Abstract:   Objective  Evidence is lacking regarding the combined effects of smoking and obesity on mortality from coronary heart disease in male veterans. This study aimed to explore the combined effect of smoking and obesity on coronary heart disease mortality in male veterans in China.  Methods  A cohort of 1,268 male veterans from 22 veteran centers in Xi’an (Shaanxi Province, China) were followed up once every 2 years from February 1, 1987 to October 30, 2016. The endpoint was death from any cause. The hazard ratio (HR) of each risk factor and the 95% confidence interval (CI) were calculated using a multivariate Cox proportional hazard model.  Results  The total follow-up was 24394.21 person-years; each subject was followed up for a mean duration of 19.24 years. By the end of the study, of the 1,268 veterans, 889 had died, 363 were alive, and 16 were lost to follow-up. Cox regression analysis results revealed that current smoking (HR: 1.552, 95% CI: 1.074–2.243), obesity (HR: 1.625, 95% CI: 1.024–2.581), and the combined effect of the two factors (HR: 2.828, 95% CI: 1.520–5.262) were associated with coronary heart disease mortality.  Conclusion  Our results suggest that obese veterans who smoke might be an important target population for coronary heart disease mortality control.

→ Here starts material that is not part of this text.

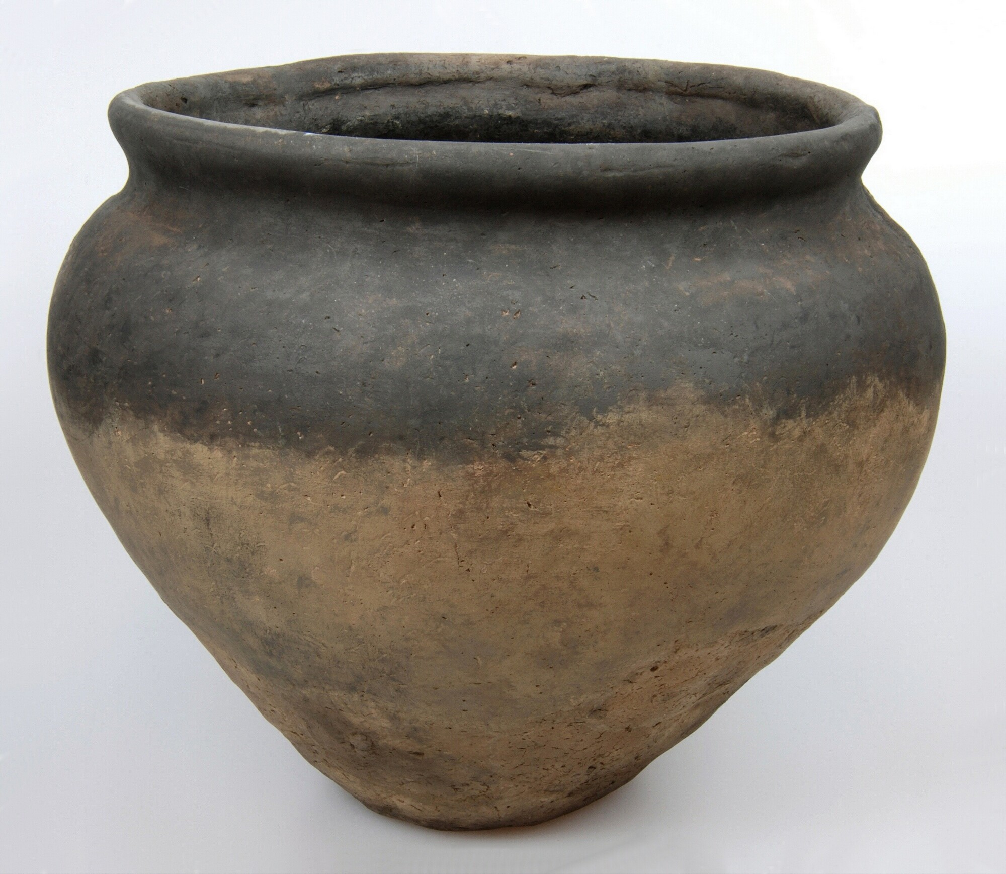Kookpot; inheems-romeins aardewerk; wijdmondige pot met korte schouder en c-rand; standvlak; beroet vanaf net boven de grootste buikomvang tot aan de rand; binnenzijde aangekoekte kookresten

&These authors contributed equally to this work.
SAI Xiao Yong, GAO Feng, ZHANG Wen Yu, GAO Meng, YOU Jing, SONG Yu Jian, LUO Ting Gang, SUN Yuan Yuan. Combined Effect of Smoking and Obesity on Coronary Heart Disease Mortality in Male Veterans: A 30-year Cohort Study[J]. Biomedical and Environmental Sciences, 2021, 34(3): 184-191. doi: 10.3967/bes2021.012
Citation: SAI Xiao Yong, GAO Feng, ZHANG Wen Yu, GAO Meng, YOU Jing, SONG Yu Jian, LUO Ting Gang, SUN Yuan Yuan. Combined Effect of Smoking and Obesity on Coronary Heart Disease Mortality in Male Veterans: A 30-year Cohort Study[J]. Biomedical and Environmental Sciences, 2021, 34(3): 184-191. doi: 10.3967/bes2021.012
    • Evidence is lacking regarding the combined effects of smoking and obesity on mortality due to coronary heart disease (CHD) in male veterans. This is the first veteran cohort study in Chinese military. Cardiovascular disease (CVD) is a leading cause of death globally, contributing to more than 17 million deaths in 2017, of which mortality from CHD is the most prevalent[1]. The morbidity of CHD in the United States is high, with 300,000 to 400,000 sudden cardiac death cases per year. In China, CHD has been shown to be a main threat to human health[2]. The morbidity of CHD in China was relatively lower than that in Western countries; however, due to the huge population base, was about 23 million CHD cases were reported in China in 2016[3].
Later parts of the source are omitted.